U.S. Special Envoy Richard Morningstar has never been a Nabucco supporter, and he has continued to denigrate its possibilities. At a news conference in Baku, he said that Nabucco retained U.S. political backing but that economic concerns should take precedence. "It's important if Shah Deniz producers and SOCAR choose a smaller pipeline as the first pipeline," he said according to Reuters.
Nabucco's primacy was challenged in December 2011, when SOCAR and the Turkish Pipeline Company (BOTAS) announced their plan to build their own pipeline, the Trans Anatolian pipeline.
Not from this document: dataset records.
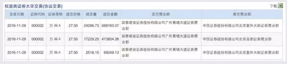 根据深交所大宗交易数据,当天国泰君安证券股份有限公司广州黄埔大道证券营业部累计买入万科A44044万股,约占万科总股本的4%,成交价格27.50元,成交金额121万元。卖方营业部为中信证券北京复外大街证券营业部和中信证券北京总部证券营业部。当天,万科A收报26.16元,下跌0.83%。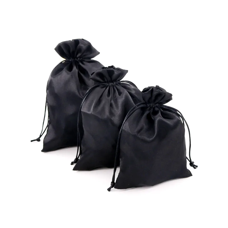 Модные гладкие шелковые атласные пакеты 10 шт.лот 8x10 9x12 см Черный тканевый Подарочный пакет на шнурке подвеска ожерелье ювелирные изделия Упаковочные сумки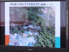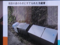下記の写真のように、市内の各地に不法投棄されている電化製品などの映像も見せてい
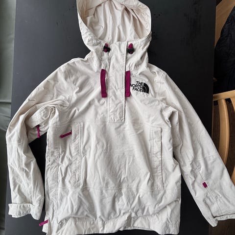 The North Face Andet udendørstøj i størrelse M til kvinder. Jakken er hvid og lavet af polyester. Den er designet til udendørs brug og har flere lommer samt justerbare detaljer indvendigt.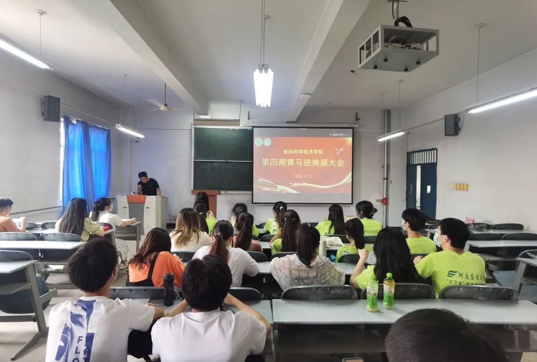 第四期青马培训班顺利结业学员名单。路平,张金龙依次为优秀学员颁发荣誉证书,为第四期青马班毕业学员代表颁发结业证书并扣上“青马培训第一粒扣子”。第四期青马班支书朱亚威对第四期青马班培训学习成果进行了总结汇报。她希望广大青马班成员要不牢记党的要求,为党的伟大事业奉献青春。张金龙宣读了第五期青马培训班学员及班委名单。路平为新一期青马班学员授旗。第五期青马班支书陈曦代表第五期青马班全体学员做出承诺,将进一步坚定理想信念,努力成为马克思主义的拥护者,实践者和传播者。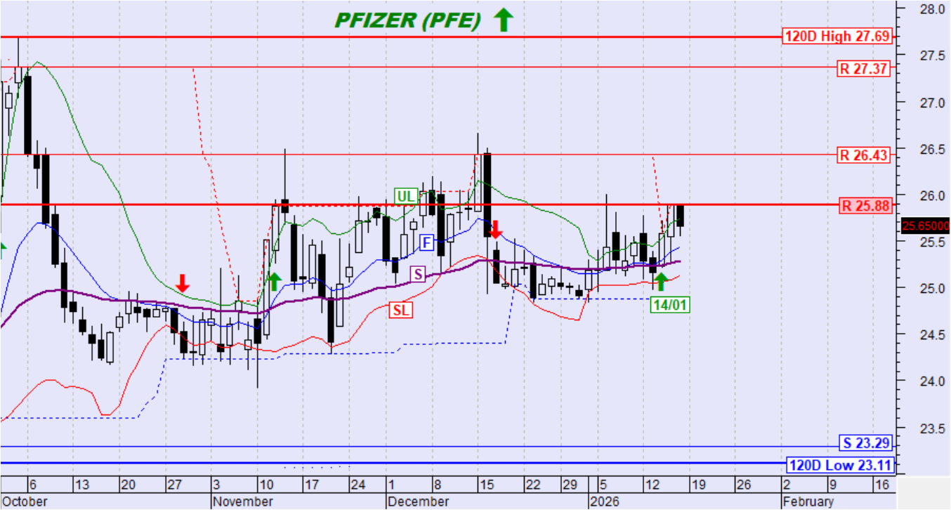 Η τιμή της μετοχής κινήθηκε ανοδικά αλλά παραμένει χαμηλότερα των UL,F και S με αποτέλεσμα τη διατήρηση της καθοδικής τάσης.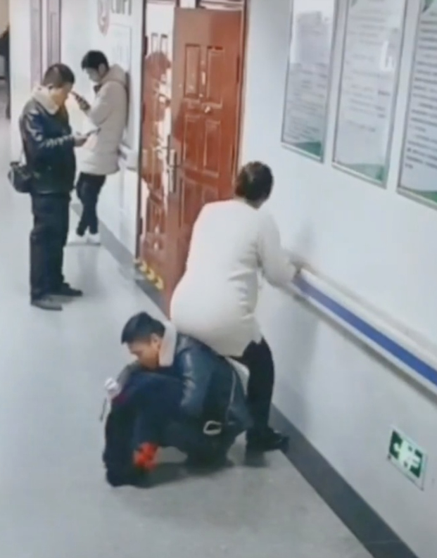 Këto pamje janë kapur në Kinë, ku burri pasi pa që gruaja e tij ishte shumë e lodhur për të pritur në këmbë në korridoret e spitalit, u ul duke improvizuar karrigen për të.

According to SOCAR president Sabit Bagirov, however, this development actually helps Nabucco's prospects: "With the implementation of the Trans Anadolu Dogalgaz Pipeline, the necessity to construct the Turkish section of Nabucco will disappear, and the builder will only need the gas pipeline section from Turkey through Bulgaria to the distribution point in Baumgarten in Austria. In other words, with the implementation of the Trans Anadolu Dogalgaz Pipeline, only that section of the Nabucco route falling on European teritory will need to be built," quoted the Moscow Times.
As 2012 begins, Nabucco appears no closer to completion than it did at the beginning of 2011. Construction is scheduled to begin on time, but completion will not be until 2018. The consortium relies on Shah Deniz II gas, which SOCAR wants to pump through the Trans Anatolian Pipeline. On the other hand, Nabucco could join this new project. The price continues to rise, and no alternative feedstock sources have been found. Nabucco is not dead, but it might be considered to be on life support....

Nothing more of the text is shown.